Ignorance is Bliss

Every once in awhile for some reason I take a look at the log files for either one of my web sites or one of my customers. The log files are a technical record of all of the requests for files that come in on the server. The requests can be from valid users going to one of my web pages, or they can also be from search engine spiders that visit from Google, Yahoo, etc. Occasionally I’ll also see visits that are the pattern of hackers testing the sites for known or unknown vulnerabilities.

Here’s the first log record from today’s log file: - - [17/Jul/2011:00:28:39 -0700] "GET /cgi-bin/color.cgi?backcolor=CCCC33 HTTP/1.1" 200 67156 "-" "Mozilla/5.0 (compatible; Baiduspider/2.0; +http://www.baidu.com/search/spider.html)" 255 67465

This happens to be from the largest search engine site in China. The visit came from a computer called a spyder or bot. Baiduspider is not only a bad bot, but since it’s from China, I don’t need or desire it to be crawling my site. So it gets banned.

How do I know it’s a bad bot? Well back in the mid 90s some guy decided to make a standard for defining a set of rules that spiders are supposed to follow. Like a lot of Internet standards, the robots.txt file was written by a computer geek, and therefore makes no sense. There’s also no good documentation for how it’s supposed to work, and you’ll find many conflicting opinions on how it is supposed to work.

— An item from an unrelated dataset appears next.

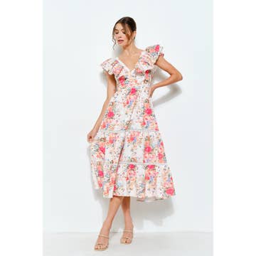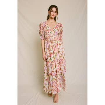 Product Details: - Floral Lace Long Sleeve Tiered Midi Dress

Google and other search engines have also added to the syntax, so you’re never sure if the search engine you’re targeting is going to follow the rules as you write them.

There are even online syntax checkers that attempt to help you make sure your syntax is correct, but no matter which way you write the rules they will tell you you’ve written them backwards. I guess I need the secret decoder ring.

The reason I was trying to make sense of all this again today is because while reading through the log files for aestheticdesign.com this morning, I noticed that Yahoo’s Slurp bot was accessing the same files over and over, from different IP addresses. It’s only half way through the day and already Yahoo has downloaded the same image from my web site 39 times!

Now that image doesn’t ever change so there’s no need to keep downloading every few minutes. It’s just another example of why Yahoo is such a non player in the search engine business these days. In researching the issue I came across many articles going back as far as 2007, of web masters having problems with Slurp. My favorite was this one “Yahoo! Slurp too Stupid to be a Robot” written back in 2009 on Jeff Starr’s blog. He decided to block Yahoo, not only because of their incompetence, but also because Yahoo wasn’t even sending any traffic to his site.

So I looked at my site’s stats, and sure enough, Yahoo referred 150 out of 43,525 hits to my web site, or in other words .2% of my traffic came from Yahoo. Yet the Yahoo Slurp spider itself accounted for 5.67% of the hits on my site. Something’s seriously out of whack when the search engine itself accounts for 28 times the amount of hits as it sends you.

Since I already hate Yahoo for their incompetence, I’m pretty close to just banning their bot completely. I’m giving them one more chance and if the recent change I made to the robots.txt file doesn’t slow them down, then I’ll start banning them completely.

Once again, looking at the raw data in the log file has taught me that ignorance truly is bliss. I’m pretty sure that’s how the programmers at Yahoo must feel too.